Con la cultura ormai si mangia

C'è un grande assente da questa campagna elettorale: sono i temi  e i problemi legati alla conoscenza e alla cultura. Non è, ovviamente, un’assenza assoluta dal momento che la lettura dei programmi e delle proposte dei singoli partiti permette di cogliere le differenze e il grado di attenzione a questi temi. Nel programma di Ugo Rossi e nella proposta programmatica del PD, ad esempio, è ben delineata la centralità della formazione, della ricerca e della cultura, così come è evidenziata la rilevanza di questi temi rispetto alle prospettive del Trentino, al suo sviluppo, alla sua capacità di andare “oltre la crisi”.
Giuseppe Ferrandi, "Trentino", 12 ottobre 2013


È però emblematica la disattenzione che avvolge quello che dovrebbe essere il “cervello” del sistema trentino. Ed è un segno dei tempi. Lo sanno bene gli insegnanti e le componenti del mondo della scuola e della formazione, lo vive sulla propria pelle l’esercito dei precari che affollano il comparto della conoscenza, coloro che vivono di cultura, anzi che “mangiano la cultura”. “La cultura si mangia!” è proprio il titolo di un libro uscito recentemente a firma di Bruno Appaia e Pietro Greco. Un libro, almeno in parte, demoralizzante quanto documenta il grado di arretratezza di buona parte del Paese.
Negli annali è rimasta la celebre dichiarazione di Giulio Tremonti (14 ottobre 2010) “Con la cultura non si mangia” e, ancora il grande statista di Sondrio, “di cultura non si vive, vado alla buvette a farmi un panino alla cultura, e comincio dalla Divina Commedia”. La domanda è chi reagì e come si reagì a quella battuta? Siamo proprio convinti che dietro la “disattenzione”, anche di casa nostra, nei confronti della conoscenza e della cultura non si nasconda qualcosa di più profondo? L’attuale crisi sembra aver ridotto ulteriormente la capacità di guardare “oltre” (non ho scritto “altrove”).

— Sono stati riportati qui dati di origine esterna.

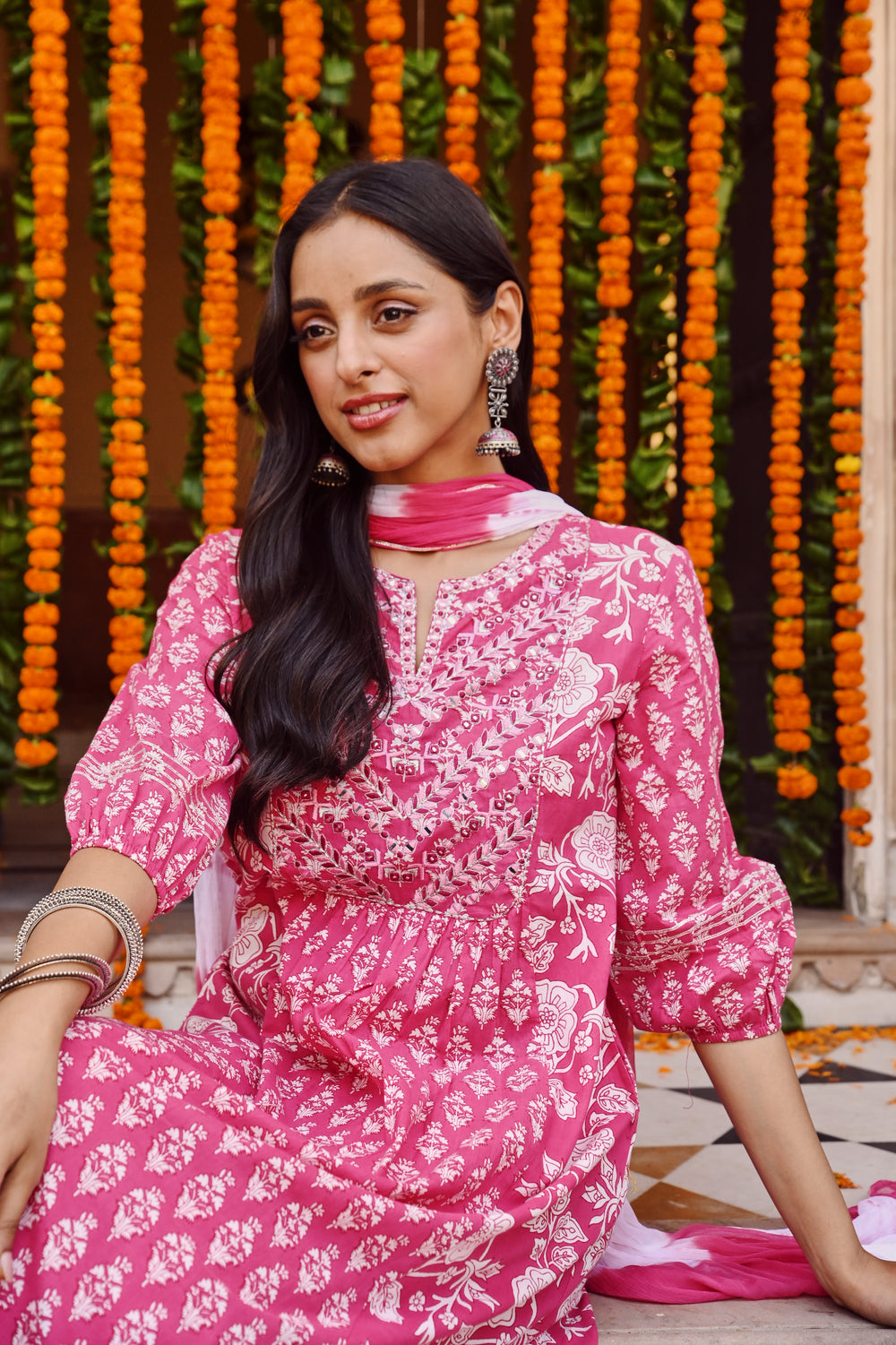 Indulge in luxury with our Pink Cotton Embroidered A Line Suit Set. Made with high-quality cotton, this suit set features exquisite resham and Zari embroidery on the placket, adorned with delicate mirror work. The semi elasticated sleeves and straight trouser pant provide comfort and the Nazneen dupatta adds a touch of elegance. Perfect for any semi-festive occasion.

“Oltre” significa pensare (o ripensare) il nostro modello di sviluppo. “Oltre” significa qualificare ulteriormente l’intervento pubblico, necessario ed irrinunciabile, permettendo che vi sia spazio per imprese e nuove professionalità in grado di integrare la presenza e il ruolo delle istituzioni. Se ciò non avvenisse, in una prospettiva di medio periodo, dovremmo davvero considerare “cattedrali nel deserto” i nostri grandi musei e i nostri straordinari centri di ricerca. È obbligatorio dare respiro e concretezza a questo cambiamento di prospettiva. Il Trentino post 2013 sarà costretto, visto il calo di risorse, ad investire in modo diverso. Tantissime scelte andranno riviste ed è chiaro che serviranno strumenti nuovi e approcci diversi.
Queste criticità, insieme alla consapevolezza della posta in gioco, non deve però tradursi in un arretramento del Trentino o nella sua rinuncia ad essere “laboratorio” avanzato di sperimentazioni. Abbiamo, rispetto ad altri territori, grandi potenzialità proprio perché la nostra filiera della formazione, che va dalle scuole d’infanzia all’università, è di altissima qualità (e va “rimotivata”). Proprio perché vi sono importanti presidi che mantengono standard elevati di diffusione della cultura (si pensi alla nostra invidiabile rete delle biblioteche). Proprio perché si è investito molto in ricerca e in cultura, e i risultati si possono vedere proiettati sul futuro.